If you plan to flip a house, think about how much renovation it needs, whether it’s worth the purchase price, what the neighborhood is like, and whether a fixer-upper is right for you. Think of property taxes, depreciation, homeowners insurance, what the real estate marketplace is like, and whether you need to hire a contractor before finding a buyer. Treating every real estate investment like a business opportunity is the only way to earn enough annual income from it.


4. Keep Yourself Updated



There’s a good chance the knowledge you think is relevant information now can change in a few years. As a good rule of thumb, update yourself regularly to have an excellent chance to increase your annual income without running into any issues. The first thing to do is read books about your industry, get legal advice for any outstanding debt payments, update your skillset, and keep track of your financial statements. An excellent way to update your skillset is to do a certificate course to improve expertise or do an apprenticeship before starting your own business.


For example, if you aim to run an import/export business from your home, it’s essential to update yourself before starting your new business. Research everything from the type of business to local government laws, merchandise logistics, the past performance of successful import/export businesses, and legal matters that can affect the operation. Consider the costs of everything before you start to avoid going at a loss and stressing yourself out. Think about the type of products you’re selling, invoices, business cards, the timeline for good profit margins, and how much it costs to hire the right people to help you out.


The stress of startup costs, routine maintenance, legal issues, and other potential risks can damage your health. Instead of accumulating real wealth to help yourself stay healthy, there’s a good chance you’ll end up requiring more healthcare in the long run. So, the best way to start any type of business or to accumulate passive wealth is to stay updated on the potential risks of what you’re planning to do. To avoid cons and scams, do a background check, so you hire the right people, check what obstacles or legal matters you’re at risk of, and whether your annual return gives you enough to boost your savings account.

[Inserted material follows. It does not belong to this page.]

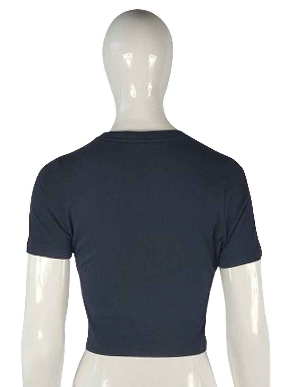 Blusa cropped feminina confeccionada em malha de algodão com elastano. Modelagem slim, ajustada ao corpo, com gola careca em ribana e manga curta. Produto ecológico com certificado Oeko-Tex, que testifica o não uso de químicos nocivos na sua fabricação. Possui logo Fila Letter bordado na manga esquerda.

The next step is to focus on any investments you have, whether in real estate or the stock market. The relevant information you have from last week may have changed, so remember to stay updated instead of letting a broker do the work for you. The first year of financial health is the most challenging since you have to simultaneously learn and make wise investments. Once you’re no longer a new investor and know your profit margins from an investment opportunity, it’s easier to stay updated.


A successful business or investment opportunity has positive effects on your net income. In the same way, sound finances have positive long term effects on your health. When you make financial decisions, try to avoid additional debt, whether it’s as small as credit card debt or as large as a mortgage loan. It may take a long time to become financially stable, but once you do, your health will thank you for it.